I have had a terrible time beginning this week’s column. It’s been such a dispiriting week of news on the Island, nationwide, and worldwide, that I am finding it impossible to begin as I usually do, reporting on lovely summer weather, or something blooming, or seeing a friend I haven’t seen in some time. There will be some upbeat news coming, but if you don’t want to be depressed, stop reading now, and skip the next four paragraphs.
I am sitting here in my house, my home for the past 37 years, the place I love most in the whole world, the place where I feel loved and secure. Reading about so many people, young and old, who are leaving the Island because of the impossibility of finding a place to live that they can afford makes me angry and sad beyond belief. I know I could easily have been one of them — perhaps I still might be. Housing was expensive and difficult to find when I moved here 40 years ago. I will always be scared of being homeless.
COVID cases are increasing again. The hospital and town boards of health are recommending that people wear masks again. I don’t understand why mask mandates are dropped when cases start going down, then they go up, and we seesaw endlessly between masks or no masks. Nobody likes wearing a mask, so get over it. It isn’t just you. I suspect no one likes getting COVID, either, being sick themselves, possibly giving it to others. We are just beginning to learn about the effects of long COVID.
Our Steamship Authority and ferry service, supposed to be our lifeline to the mainland, continues to fail miserably in that regard. I realize that things happen, that boats break down, but it seems so frequent and disruptive. That’s if you can even get a reservation, or afford one. I miss the office at the airport, and the wonderful ladies who were always so helpful and understanding of the needs of Island residents. I don’t feel that the SSA cares about serving the
Island anymore at all.
I have decided to stop here, with only the issues currently in the headlines of our Island newspapers. The state of our union and of the world are well-known and beyond me. All I can recommend is following facts, and getting out to vote.

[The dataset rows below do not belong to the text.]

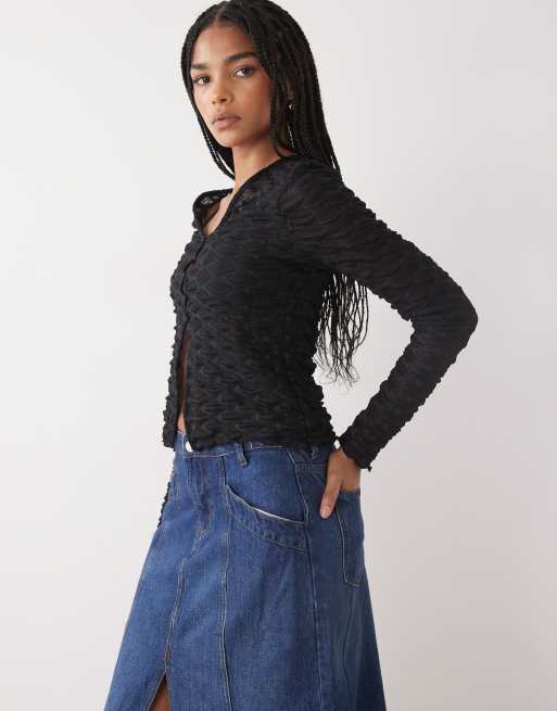 COLLUSION long sleeve textured cardigan in black
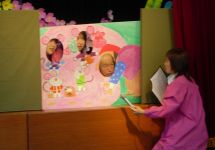 | さっきまでの緊張もほぐれて楽しいお別れ会です。先生たちの大型紙芝居。大笑いでした。 |
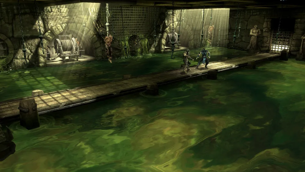 Die Arena The Dead Pool befindet sich in der Einöde von Outworld. Um den schmalen Steg befindet sich Säure, alles was hin einfällt, löst sich auf. Hier werden diejenigen bestraft, die sich gegen den Imperator Shao Kahn erheben.
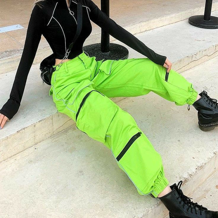 Neon Lime Green Cargo Trousers Trousers Femme Luxe Very well made.
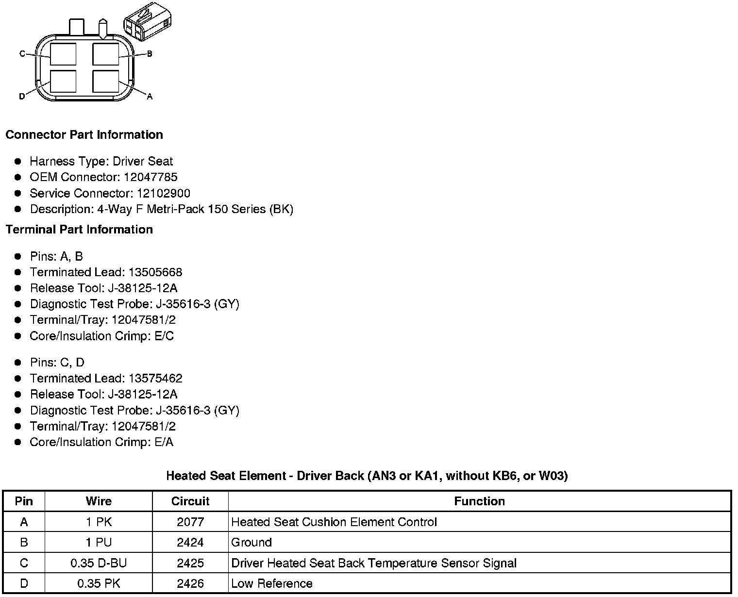 Heated Seat Element - Driver Back (AN3 or KA1, without KB6, or W03)

On that note, I am happy to report that a young woman in West Tisbury has just been awarded a Commonwealth Heroine designation by the Massachusetts Commission on the Status of Women. Jenelle Gadowski was nominated by our state representative, Dylan Fernandes. She is an amazing person, filled with energy, passion, and ideas. She has been an activist for civil rights since middle school, and is currently affiliated with the League of Women Voters MV, the NAACP MV LGBTQ Committee, Black Lives Matter, and Young Activists For Social Justice. As I have often written, I am ready to turn things over to this generation, and pray they will fix the mess we boomers have left them. Congratulations and brava, Jenelle. Thank you for stepping up.
If you happen to be at the Up-Island Council on Aging, you will likely meet Jenelle’s grandmother, Jennie Gadowski. Jennie has been active on the Island since before Janelle was ever thought of. She currently runs the desk at the UICOA, and may give you a proud grandmother’s smile if you mention Jenelle and her award.
The UICOA has a special program coming up at the Howes House. Naomi Goldberg-Hass will lead an adult movement class for all abilities on Tuesday, July 12, from 1 to 2 pm. They have a lot of regularly scheduled classes and groups, both virtual and in-person, and you can get at-home COVID test kits there, too. Contact the UICOA at email@example.com.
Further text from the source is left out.